Except for cysteine and genes involved in biosynthesis of the amino acid precursors isocitrate and a-ketoglutarate, GCN4 induced genes in each amino acid biosynthetic pathway. Unexpectedly, GCN4 also induced vitamin biosynthetic genes, possibly to supply cofactors for amino acid biosynthesis. GCN4 activated peroxisomal genes and mitochondrial transporter proteins, likely reflecting the occurrence of certain amino acid biosynthetic steps in these organelles. Furthermore, GCN4 induced autophagy genes and amino acid transporters, presumably to boost the amino acid supply by nonbiosynthetic routes, and certain aminoacyl-tRNA synthetases, in keeping with the idea that charged tRNAs are major end products of GCN4 activation (Natarajan et al., 2001).

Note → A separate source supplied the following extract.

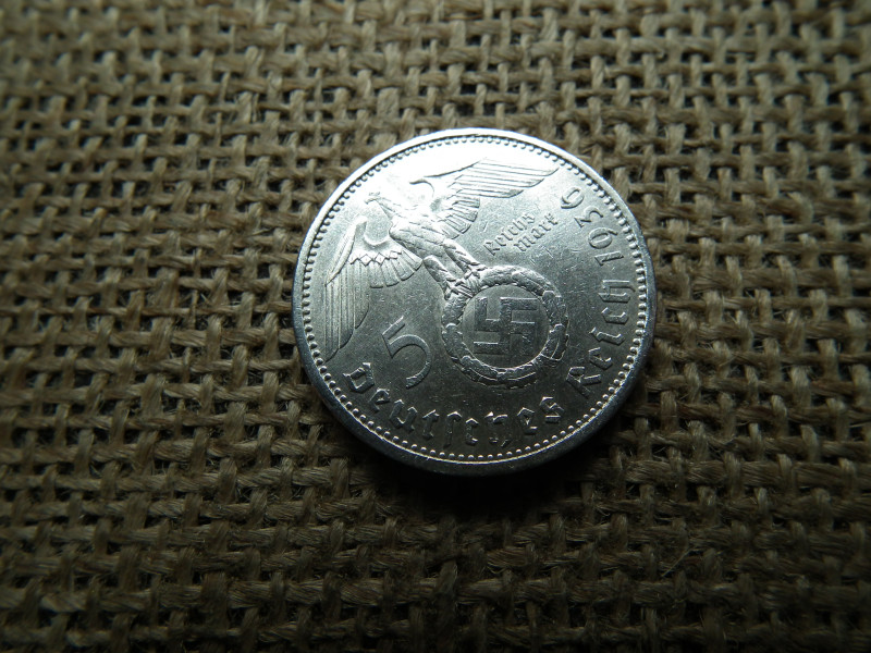 Birodalmi ezüst 5 márka 1936 A , Nagy sasos - horogkeresztes

Genes in the aforementioned categories accounted for only about one-third of the genes most highly induced by GCN4 in starved cells (four-fold or more); thus, GCN4 induced many genes without obvious functions in amino acid biosynthesis, including those encoding glycogen- and trehalose-metabolizing enzymes. Interestingly, GCN4 was required for normal glycogen accumulation in amino acid-starved cells. GCN4 also induced purine biosynthetic genes and genes encoding a variety of transcriptional activators, protein kinases, and protein phosphatases. Thus, GCN4 seems to mobilize numerous regulatory circuits in response to amino acid starvation, perhaps reflecting the fact that GCN4 translation is stimulated by starvation or stress conditions besides amino acid deprivation. Such conditions might include limitation for purines or glucose, high salinity, and treatment with rapamycin (inhibitor of the TOR kinases) or the alkylating agent methyl methanesulfonate (MMS). Some of the GCN4 target genes may be required for survival under other conditions, e.g., purine biosynthetic genes in purine-starved cells. Similarly, GCN4 activates a subset of the genes induced by rapamycin. Thus, general amino acid control is much broader than previously imagined both in the size and scope of the GCN4 transcriptome and the range of stimuli that induce GCN4 and its target genes (Natarajan et al., 2001).